Canada’s Employment and Workforce Development Minister Randy Boissonnault told business associations Tuesday that the federal government is considering refusing temporary foreign worker (TFW) applications under its low-wage stream, his office told CBC News. The policy change would apply to jobs that pay below the median hourly wage in each province and territory. That median wage varies by jurisdiction, ranging from $24 per hour in Prince Edward Island and Nova Scotia to $39.24 per hour in the Northwest Territories.
“I’ve been clear over the last year, abuse and misuse of the TFW program must end. The health and safety of temporary foreign workers in Canada is a responsibility I take very seriously,” Boissonnault said in a media statement. “Bad actors are taking advantage of people and compromising the program for legitimate businesses. We are putting more reforms in place to stop misuse and fraud from entering the TFW program.” The minister’s Tuesday meeting included representatives from the food and beverage, transportation and agriculture industries.
CEO of Food and Beverage Canada Kristina Farrell attended the meeting. She said businesses in the food processing sector are worried about the prospect of seeing their applications for low-wage stream TFWs turned down. “Obviously if that applied to food and beverage manufacturing, it would be a crisis,” she told CBC News. “At the end of the day, that would have an impact on the price of food.” Farrell said it’s hard to estimate the amount of TFWs in working in food processing because the numbers can vary greatly year to year.
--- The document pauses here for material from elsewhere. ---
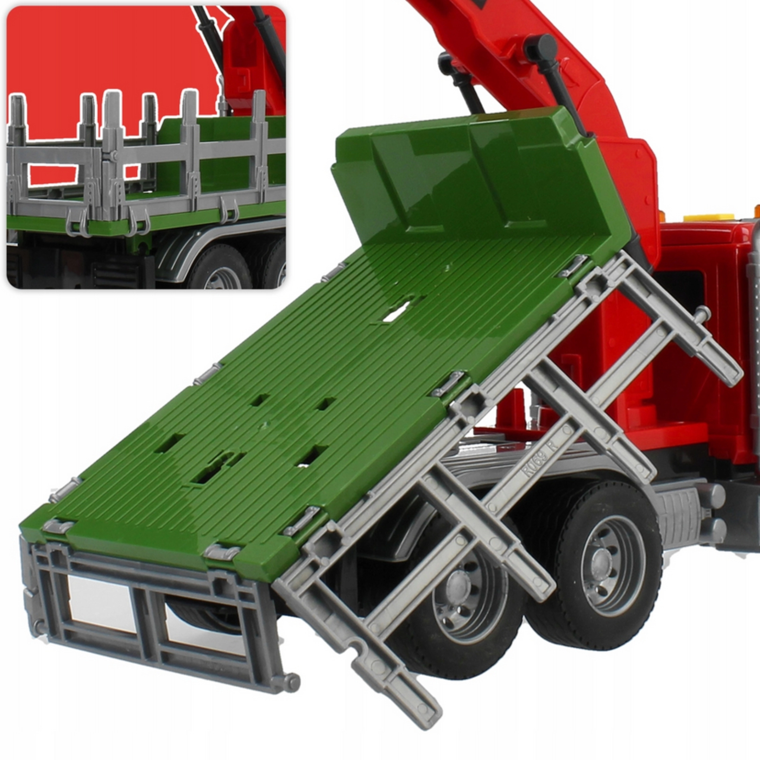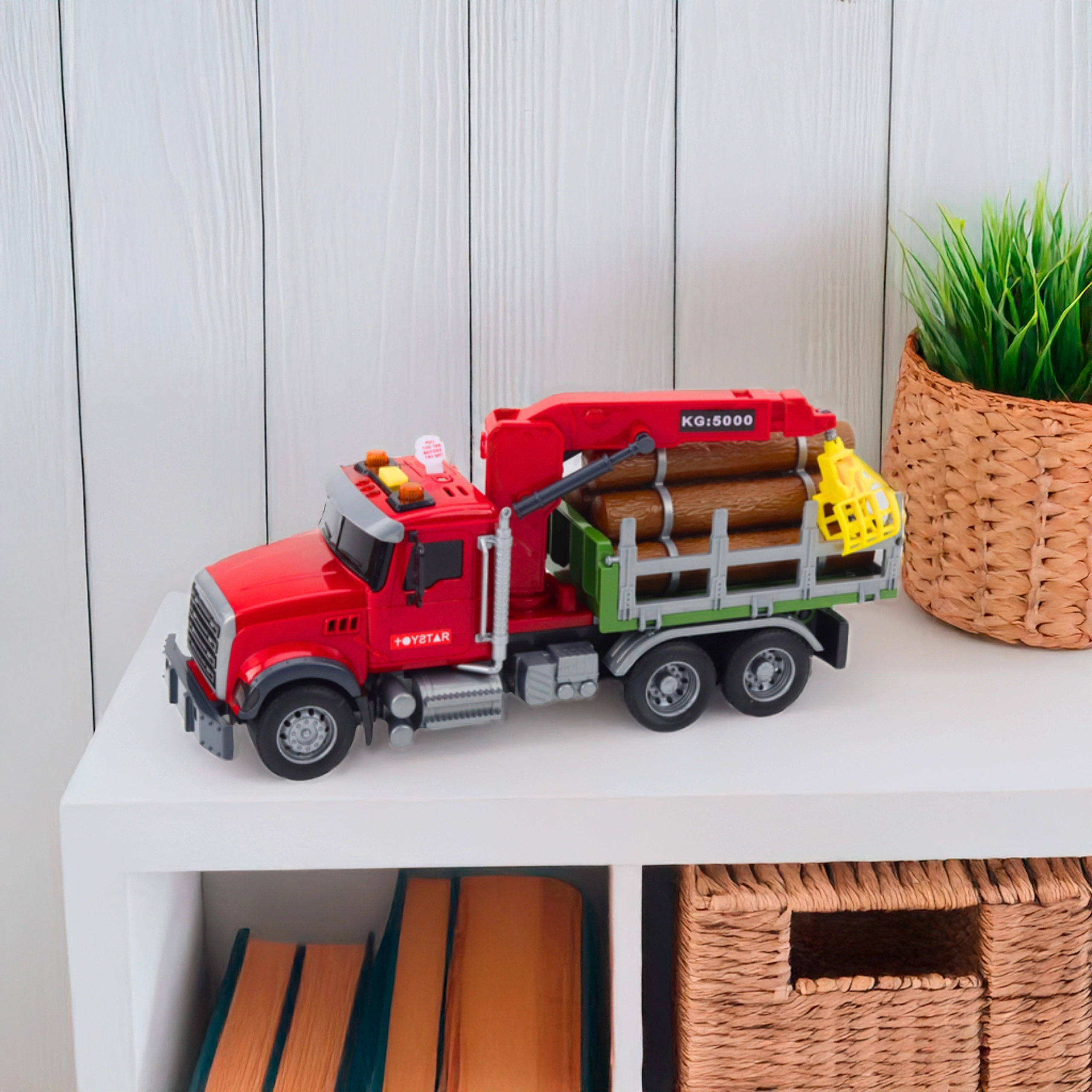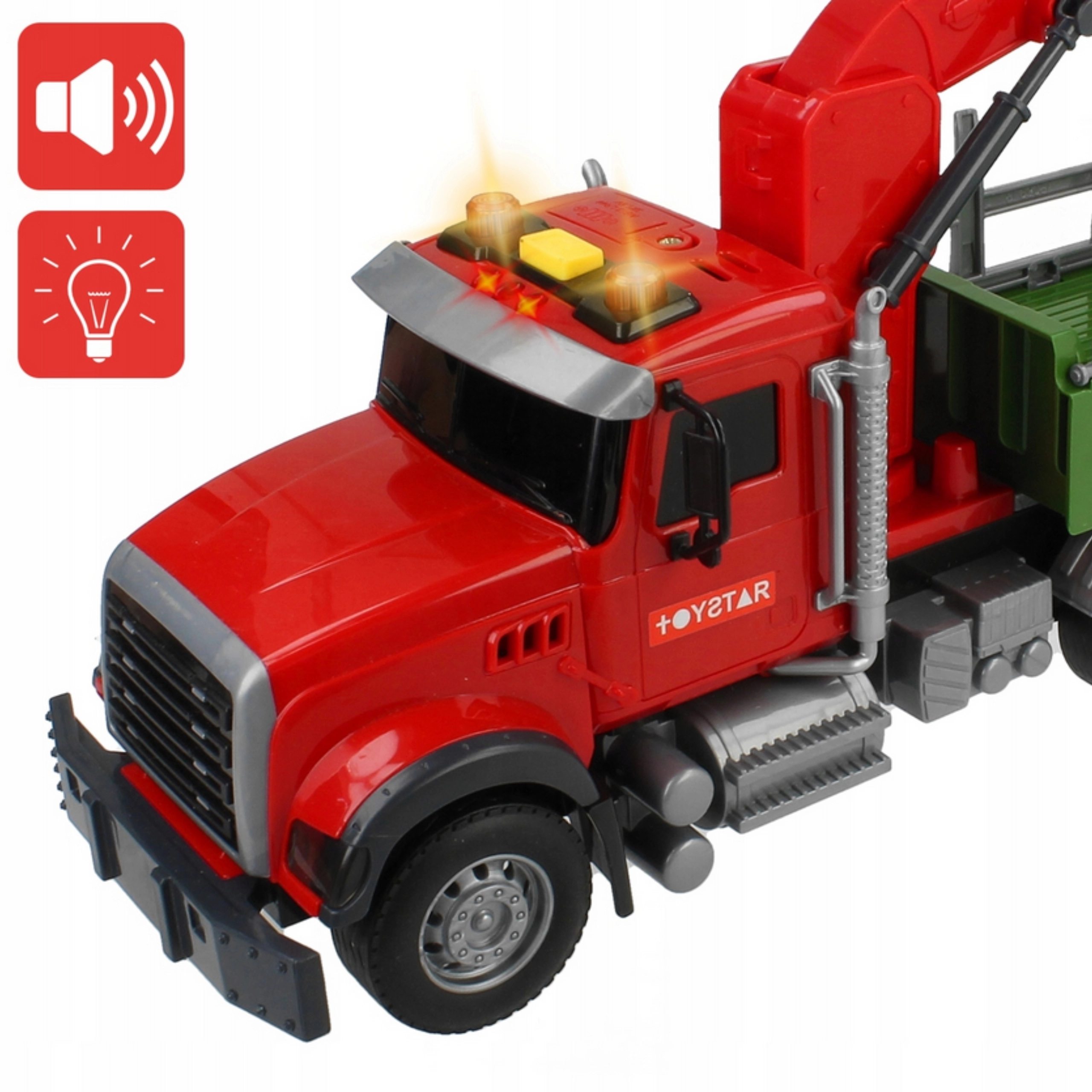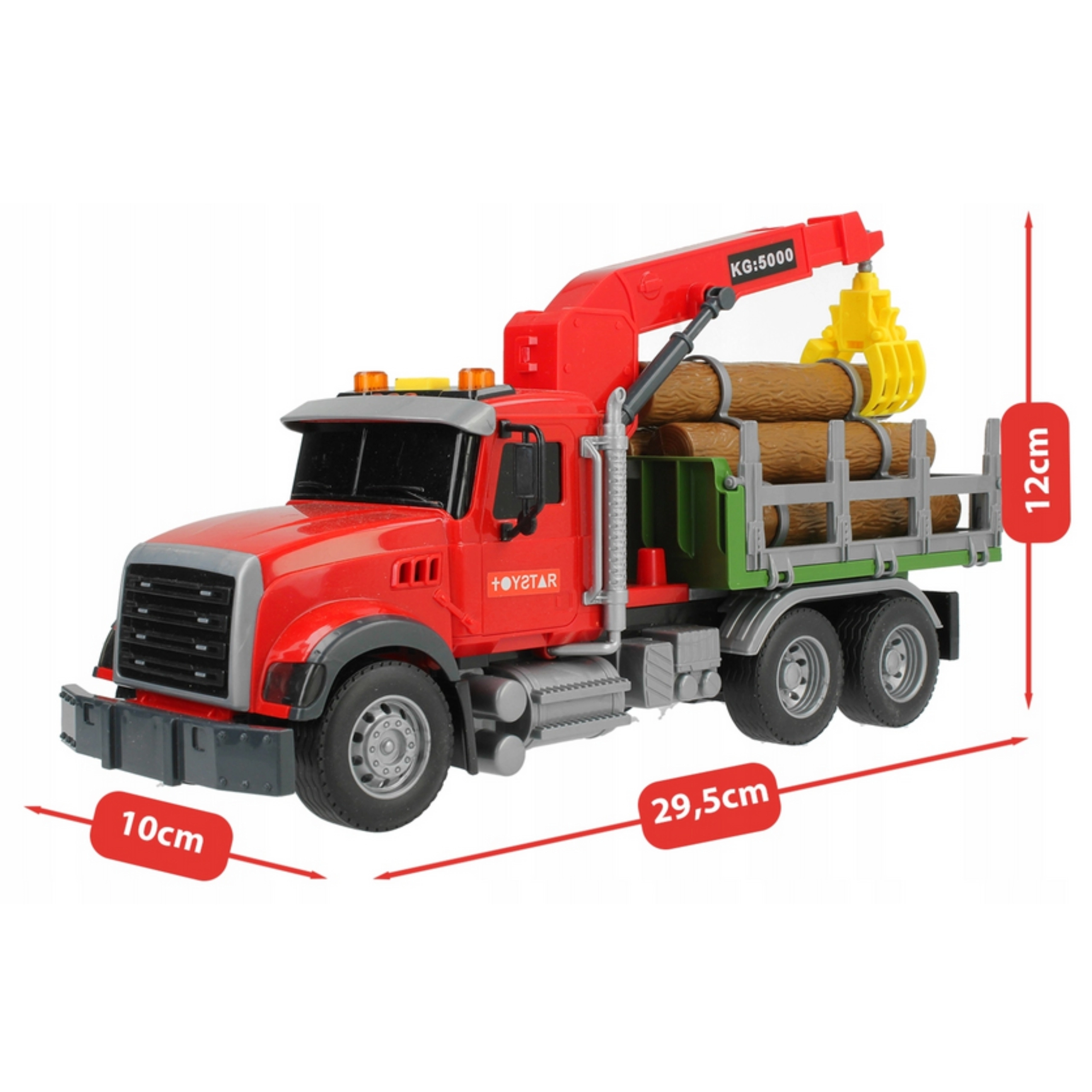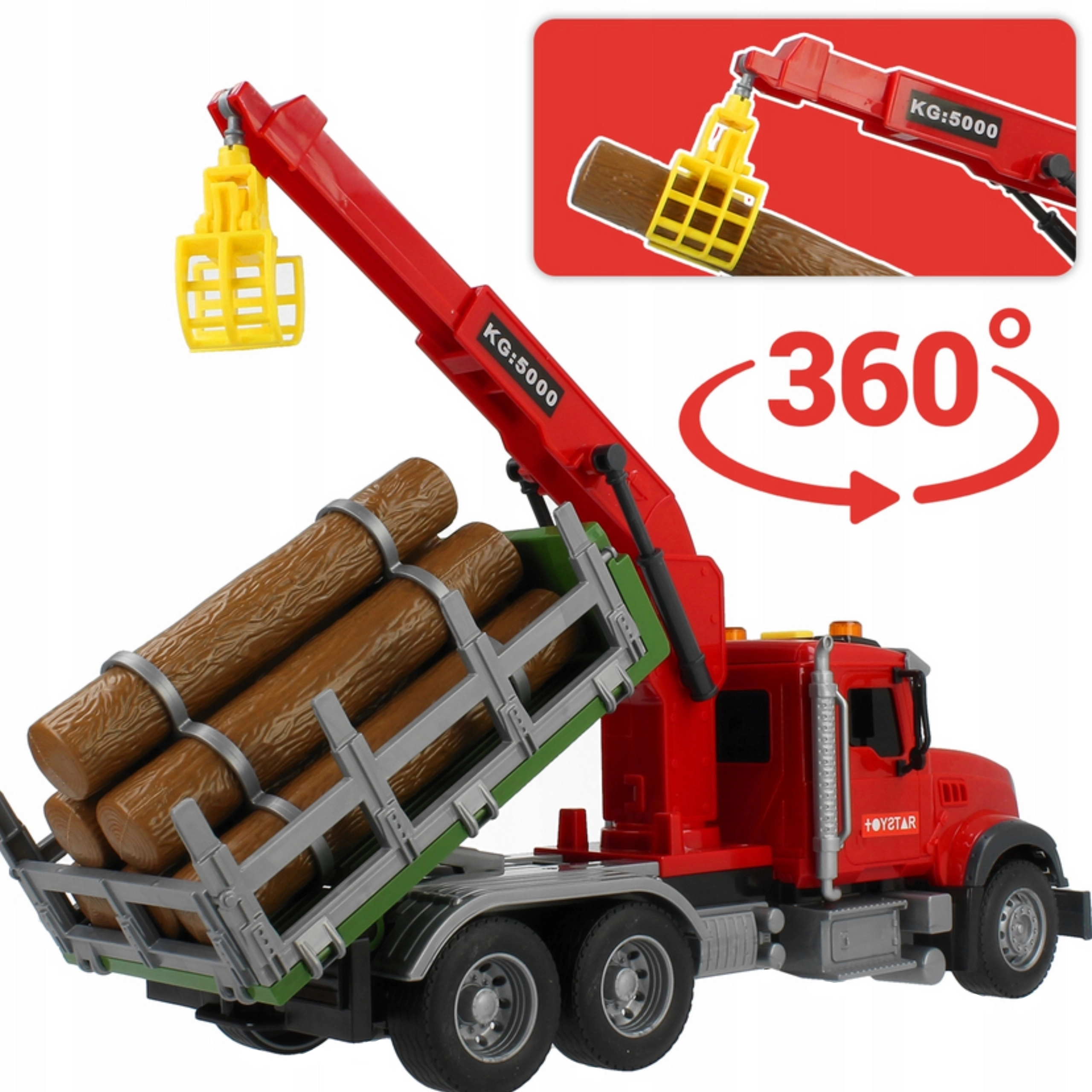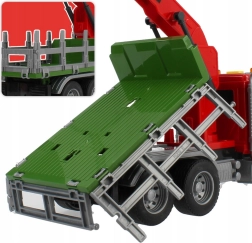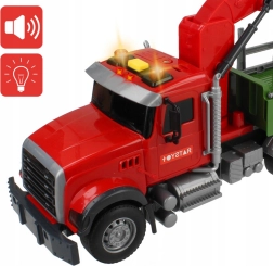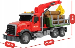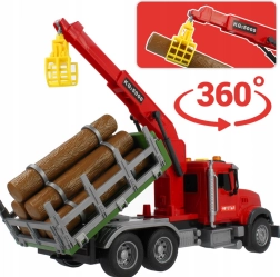 Atklājiet smagās tehnikas pasauli ar WOOPIE kravas auto mērogā 1:14. Bērns var manuāli vadīt rotējošo celtni ar mehānisku satvērēju, pārvietot komplektā iekļautos baļķus un imitēt īstu mežsaimniecības darbu. Spēli pastiprina reālistiskas motora, signāla un celtņa darba skaņas un spilgti LED efekti.
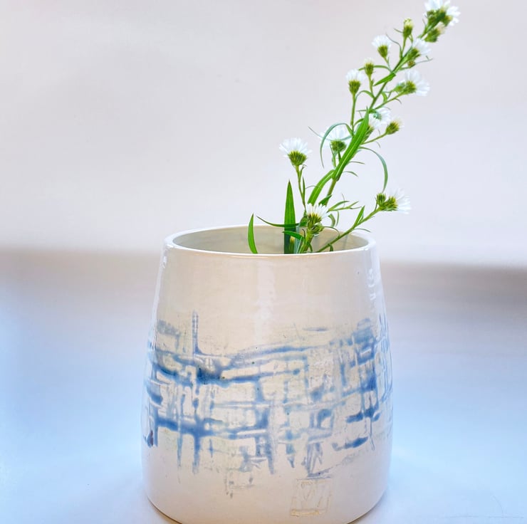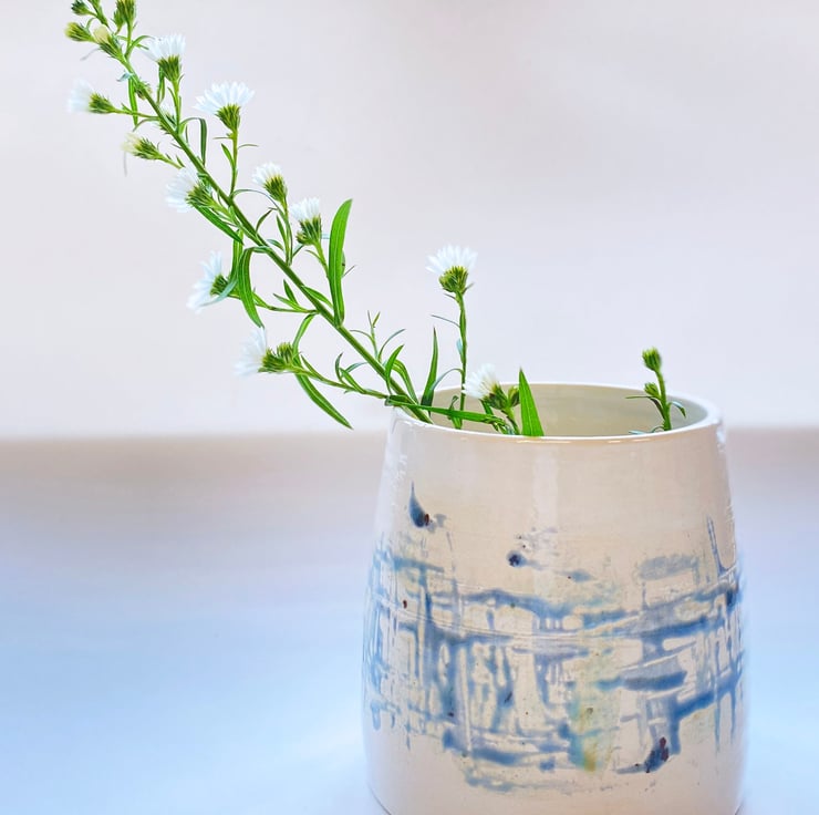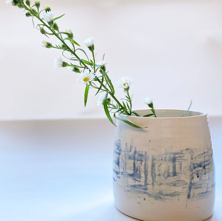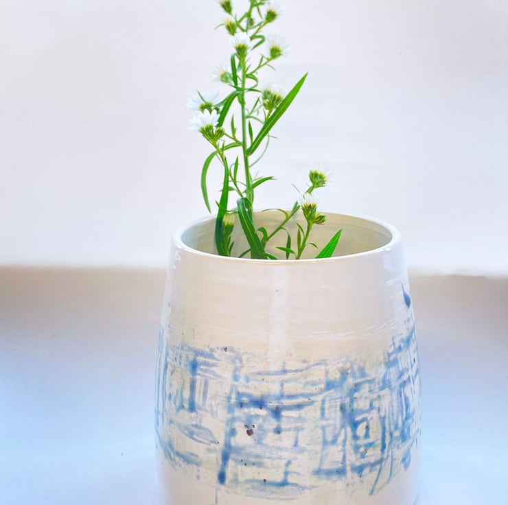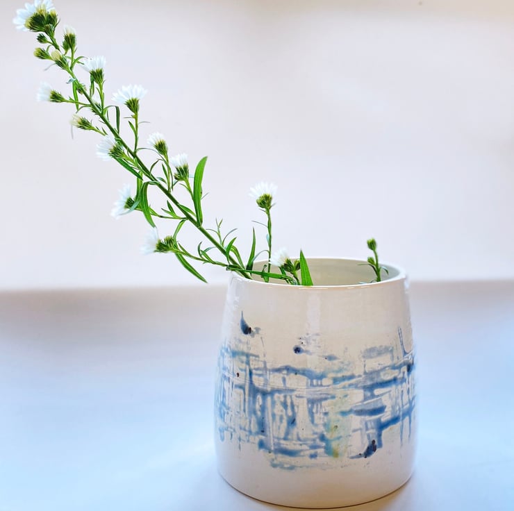 This planter has been thrown on the wheel and glazed in a painterly watercolour style by hand in blues and green -inspired by the sea and the Norfolk coastline.

More than $2 million in fines were issued under the TFW program in the 2023-24 fiscal year, a 36 per cent increase over the previous year. Immigration lawyers, agencies and consultants have been raising the alarm over bogus labour market impact assessments (LMIA) being sold for tens of thousands of dollars. “We have seen amounts ranging from $30,000 to $50,000, $60,000 being charged for these positive LMIAs by those employers,” Manan Gupta, president of Brampton, Ont.-based Skylake Immigration, told CBC News. An employer looking to hire a TFW must submit a labour market impact assessment to the federal government to show it could not find a qualified Canadian to fill the job within 28 days. The standard processing fee for this file is $1,000 and is supposed to be covered by the employer.
Canadian businesses were given the green light to fill roughly 240,000 jobs with temporary foreign workers in 2023, more than twice as many as they were a half-decade earlier.